The transformation filled me with both pride and unease. I did not like to see my father defeated, and it pleased me to watch the life return to him. But I understood that it was my mother who would be forced to bear the brunt of this new vitality. It had only taken perhaps ninety seconds — he began to shift his body and to emit small, outraged grunts. My mother, hearing them, stiffened in her chair, sat up a bit straighter, stared with greater intensity at a meaningless spot on the tablecloth.

“A professor, ” was the first thing my father said.

“A distinguished professor of psychology,” he elaborated a few seconds later. “Run out of our home.”
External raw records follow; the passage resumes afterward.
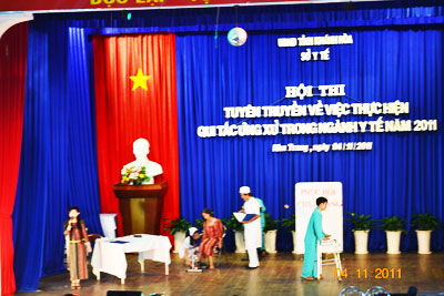 Với sự tham gia của 15 đội đến từ các cơ sở y tế huyện, thị xã, thành phố trong tỉnh Khánh Hòa, Hội thi “Tuyên truyền về thực hiện quy tắc ứng xử” trong ngành Y tế do Sở Y tế và Công đoàn ngành tổ chức đã mang lại cho người xem nhiều cung bậc cảm xúc. Đó có thể là những trận cười sảng khoái, sự kính trọng đối với những người thầy thuốc hết lòng vì người bệnh, hay sự giận dữ trước sự thờ ơ, vô cảm của cán bộ y tế (CBYT) đối với bệnh nhân (BN)…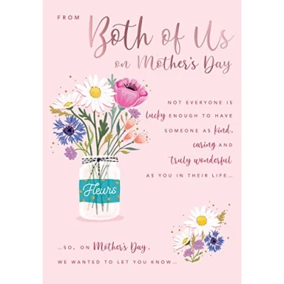 A High Quality Greeting Card and Envelope From Regal Publishing Designed and made in the UK - supporting British jobs Caption: Mum From Both Of Us Description: Flowers in a jar Approximate size: 9 x 6 inches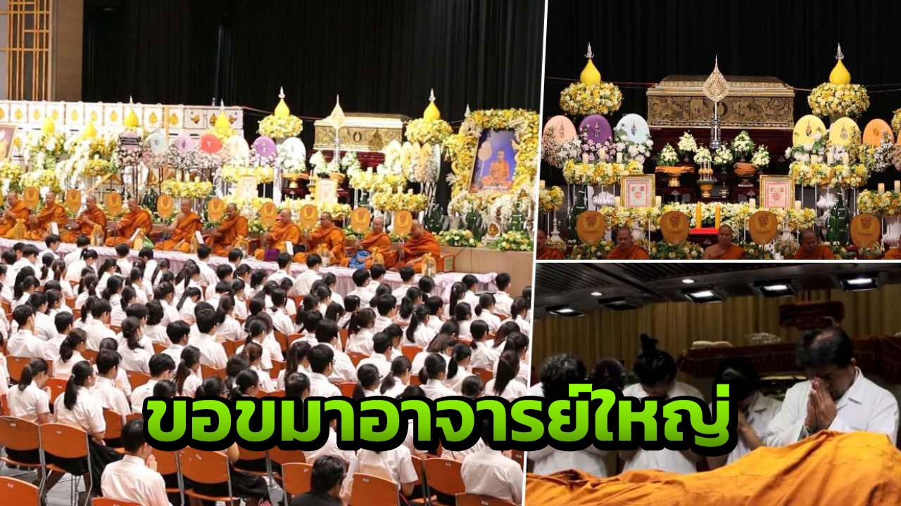 จากนั้น เข้าสู่พิธีการขอขมาครูใหญ่ โดยคณาจารย์ และนักศึกษาจากศูนย์วิทยาศาสตร์สุขภาพ มข. ซึ่งประกอบด้วย คณะแพทยศาสตร์ คณะทันตแพทยศาสตร์ คณะเทคนิคการแพทย์ คณะพยาบาลศาสตร์ คณะสาธารณสุขศาสตร์ และคณะเภสัชศาสตร์ รวมกว่า 300 คน ได้ร่วมประกอบพิธีขอขมาร่างครูใหญ่และสรีระสังขารครูใหญ่หลวงพ่อคูณ หลังการเคลื่อนย้ายสรีรสังขารหลวงพ่อคูณ และร่างครูใหญ่ ทั้ง 647 ร่างจากคณะแพทยศาสตร์ มายัง ศูนย์ประชุมอเนกประสงค์ฯ แล้วเสร็จ

He waited a long half minute to speak again, this time to the ceiling, his head tipped far back, the tendons on his neck sticking out in sharp relief. “That’s who she decided she was smarter than, Doctor Avery Stiles. She decided she knew better than Doctor Avery Stiles. Because, after all, she is a brilliant professor with many advanced degrees, isn’t she? Isn’t she?

“Oh, that’s right,” he went on. “No. No, she’s not. She’s a plain old regular housewife who didn’t even finish high school. But of course she knows better anyway.
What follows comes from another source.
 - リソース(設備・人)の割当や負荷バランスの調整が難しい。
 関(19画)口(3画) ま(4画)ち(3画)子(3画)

“Maybe she’s just embarrassed that she didn’t catch on? Maybe she’s upset because Professor Avery Stiles proved how stupid she is? Maybe that’s why she threw him out of her house. Because he told her a truth that she didn’t want to hear.

“Well, Doctor Stiles is used to that. Perhaps that’s why he was so polite, even after being told to leave our humble home. Because he’s used to telling people things they don’t want to hear. That’s why his colleagues have abandoned him. With their communist ideas. They don’t like being told they’re weak. They don’t want to hear it. They don’t want to admit that the enemy is them.

My father was shaking his head slowly, his face compressed, as though he were crushing his teeth together inside his closed mouth. My mother, for her part, was highly alert, her eyes wide, her body very still.

“I want to tell you something,” he said now, speaking to her directly. He stood up, and his chair slid back and rattled against the breakfront. My mother flinched. “I want to tell you something about that man you kicked out. The man you threw out of our home — who you just expelled from our family. That man has no family, Cybele. You know why? They died. His daughter, his wife — they got sick and they died. He has been alone for five years. What kind of man is that, who can bear the death of his whole family? If it was me, I know what I would do — I would put an end to it all right then and there. I would just put an end to it. And don’t think I haven’t considered it anyway, Cybele, because I barely even have a family as it is. I have a daughter who’s never home, and a wife who doesn’t care, and doesn’t respect me. And I have a son who just sits there”—his arm was thrust out now, pointing at me, and he had raised his voice nearly to a shout—“doing nothing, saying nothing, like some kind of goddam zombie. And whose fault is that, Cybele? Who does he get that from? Who just sits and says nothing, and does nothing, and never shows any sign of life?”